Assignment Description: In this assignment we will get to practice collaborating around a code project with GitHub. We will create and example using one or more TidyVerse packages and demonstrate how to use the capabilities. We will also extend an existing example from one of our classmate’s code with additional annotated code.

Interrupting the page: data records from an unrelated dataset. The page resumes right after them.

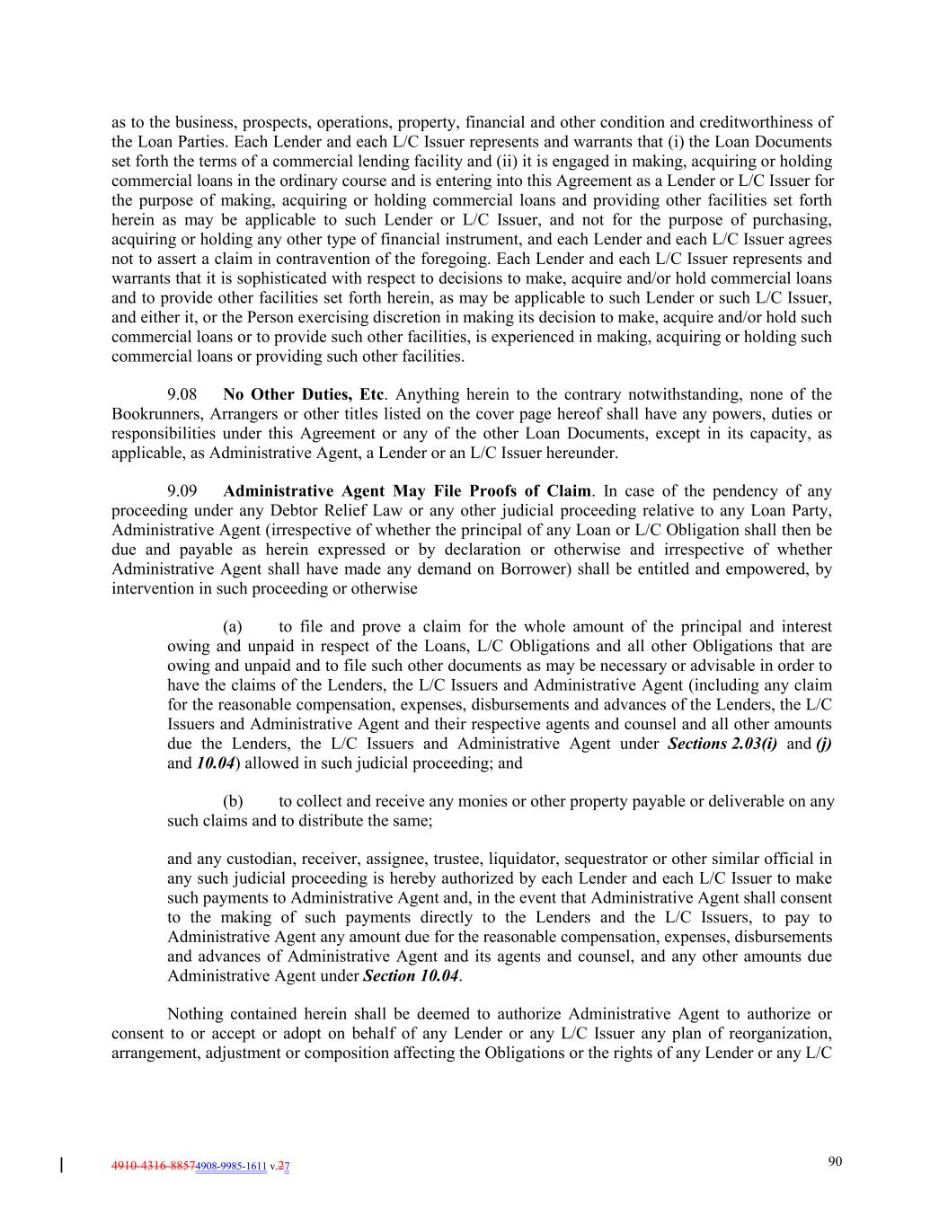 4910-4316-88574908-9985-1611 v.27 90 as to the business, prospects, operations, property, financial and other condition and creditworthiness of the Loan Parties. Each Lender and each L/C Issuer represents and warrants that (i) the Loan Documents set forth the terms of a commercial lending facility and (ii) it is engaged in making, acquiring or holding commercial loans in the ordinary course and is entering into this Agreement as a Lender or L/C Issuer for the purpose of making, acquiring or holding commercial loans and providing other facilities set forth herein as may be applicable to such Lender or L/C Issuer, and not for the purpose of purchasing, acquiring or holding any other type of financial instrument, and each Lender and each L/C Issuer agrees not to assert a claim in contravention of the foregoing. Each Lender and each L/C Issuer represents and warrants that it is sophisticated with respect to decisions to make, acquire and/or hold commercial loans and to provide other facilities set forth herein, as may be applicable to such Lender or such L/C Issuer, and either it, or the Person exercising discretion in making its decision to make, acquire and/or hold such commercial loans or to provide such other facilities, is experienced in making, acquiring or holding such commercial loans or providing such other facilities. 9.08 No Other Duties, Etc. Anything herein to the contrary notwithstanding, none of the Bookrunners, Arrangers or other titles listed on the cover page hereof shall have any powers, duties or responsibilities under this Agreement or any of the other Loan Documents, except in its capacity, as applicable, as Administrative Agent, a Lender or an L/C Issuer hereunder. 9.09 Administrative Agent May File Proofs of Claim. In case of the pendency of any proceeding under any Debtor Relief Law or any other judicial proceeding relative to any Loan Party, Administrative Agent (irrespective of whether the principal of any Loan or L/C Obligation shall then be due and payable as herein expressed or by declaration or otherwise and irrespective of whether Administrative Agent shall have made any demand on Borrower) shall be entitled and empowered, by intervention in such proceeding or otherwise (a) to file and prove a claim for the whole amount of the principal and interest owing and unpaid in respect of the Loans, L/C Obligations and all other Obligations that are owing and unpaid and to file such other documents as may be necessary or advisable in order to have the claims of the Lenders, the L/C Issuers and Administrative Agent (including any claim for the reasonable compensation, expenses, disbursements and advances of the Lenders, the L/C Issuers and Administrative Agent and their respective agents and counsel and all other amounts due the Lenders, the L/C Issuers and Administrative Agent under Sections 2.03(i) and (j) and 10.04) allowed in such judicial proceeding; and (b) to collect and receive any monies or other property payable or deliverable on any such claims and to distribute the same; and any custodian, receiver, assignee, trustee, liquidator, sequestrator or other similar official in any such judicial proceeding is hereby authorized by each Lender and each L/C Issuer to make such payments to Administrative Agent and, in the event that Administrative Agent shall consent to the making of such payments directly to the Lenders and the L/C Issuers, to pay to Administrative Agent any amount due for the reasonable compensation, expenses, disbursements and advances of Administrative Agent and its agents and counsel, and any other amounts due Administrative Agent under Section 10.04. Nothing contained herein shall be deemed to authorize Administrative Agent to authorize or consent to or accept or adopt on behalf of any Lender or any L/C Issuer any plan of reorganization, arrangement, adjustment or composition affecting the Obligations or the rights of any Lender or any L/C
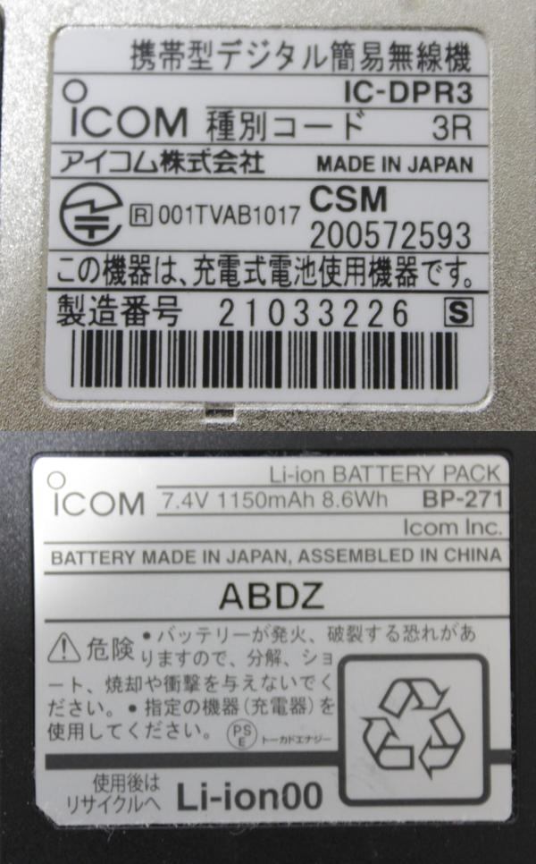 メーカー名 | アイコム | 型番 | IC-DPR3 | 付属品 | 画像参照 | |
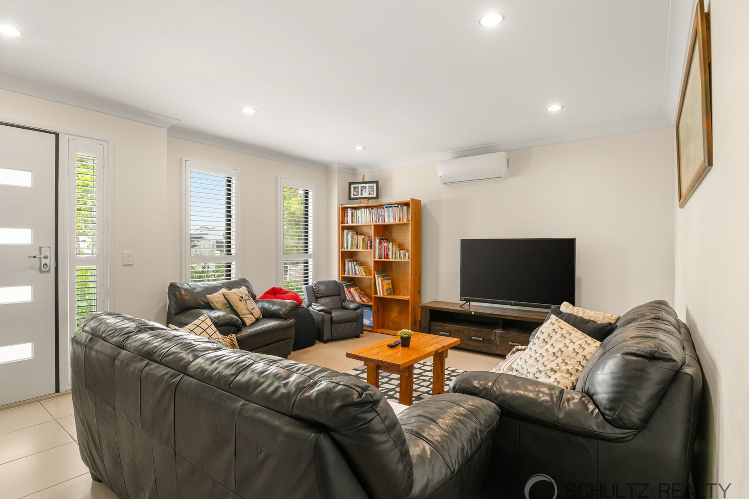 - Living room with tiled flooring, air-conditioning and plantation shutters
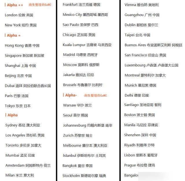 GaWC机构对于世界级别各国城市全球排名是非常权威的数据,受到很多官方作为参考。而今年GaWC机构公布的全球城市排名册,似乎有些意思。让我们拭目以待。
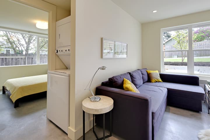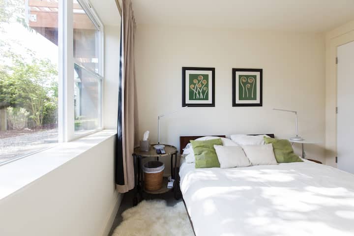 Estamos lejos del bullicio del centro de la ciudad, con fácil acceso a grandes partes de Seattle en autobús, coche, ¡incluso a pie y en bicicleta!
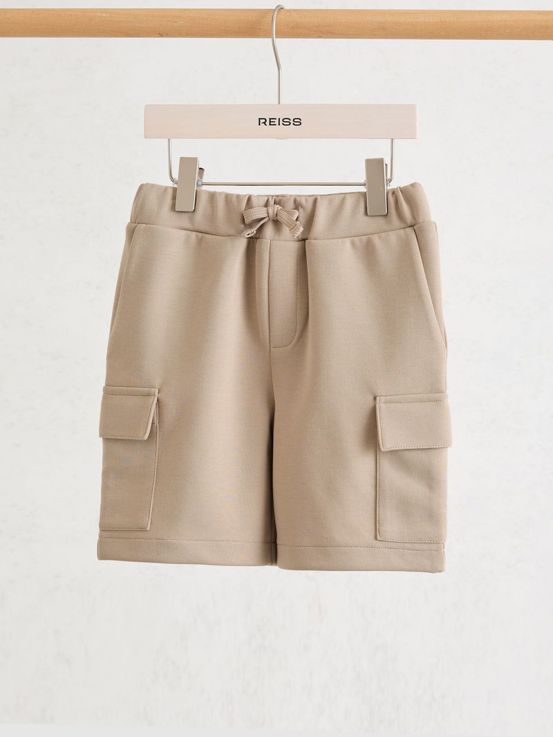13-14 Yrs Premium Interlock-Jersey Cargo Shorts In Stone

We will use a college majors dataset from ‘fivethirtyeight.com’ and we will load it from their GitHub repository:
# load data
all_ages <- read.csv("https://raw.githubusercontent.com/fivethirtyeight/data/master/college-majors/all-ages.csv", header = TRUE)
Let’s view the dataset before we start transforming it:
head(all_ages)
## Major_code Major
## 1 1100 GENERAL AGRICULTURE
## 2 1101 AGRICULTURE PRODUCTION AND MANAGEMENT
## 3 1102 AGRICULTURAL ECONOMICS
## 4 1103 ANIMAL SCIENCES
## 5 1104 FOOD SCIENCE
## 6 1105 PLANT SCIENCE AND AGRONOMY
## Major_category Total Employed
## 1 Agriculture & Natural Resources 128148 90245
## 2 Agriculture & Natural Resources 95326 76865
## 3 Agriculture & Natural Resources 33955 26321
## 4 Agriculture & Natural Resources 103549 81177
## 5 Agriculture & Natural Resources 24280 17281
## 6 Agriculture & Natural Resources 79409 63043
## Employed_full_time_year_round Unemployed Unemployment_rate Median P25th
## 1 74078 2423 0.02614711 50000 34000
## 2 64240 2266 0.02863606 54000 36000
## 3 22810 821 0.03024832 63000 40000
## 4 64937 3619 0.04267890 46000 30000
## 5 12722 894 0.04918845 62000 38500
## 6 51077 2070 0.03179089 50000 35000
## P75th
## 1 80000
## 2 80000
## 3 98000
## 4 72000
## 5 90000
## 6 75000
Now, I will transform the dataset by using functions from the dplyr and ggplot package:
Extract columns as a table. Also select_if(). select(iris, Sepa.Length, Species)
Example
I will extract 7 of the 11 original columns from the dataset:
library(tidyverse)
## -- Attaching packages -------------------------------------------------------------------------------- tidyverse 1.2.1 --
## v ggplot2 3.2.1 v purrr 0.3.2
## v tibble 2.1.3 v dplyr 0.8.3
## v tidyr 0.8.3 v stringr 1.4.0
## v readr 1.3.1 v forcats 0.4.0
## -- Conflicts ----------------------------------------------------------------------------------- tidyverse_conflicts() --
## x dplyr::filter() masks stats::filter()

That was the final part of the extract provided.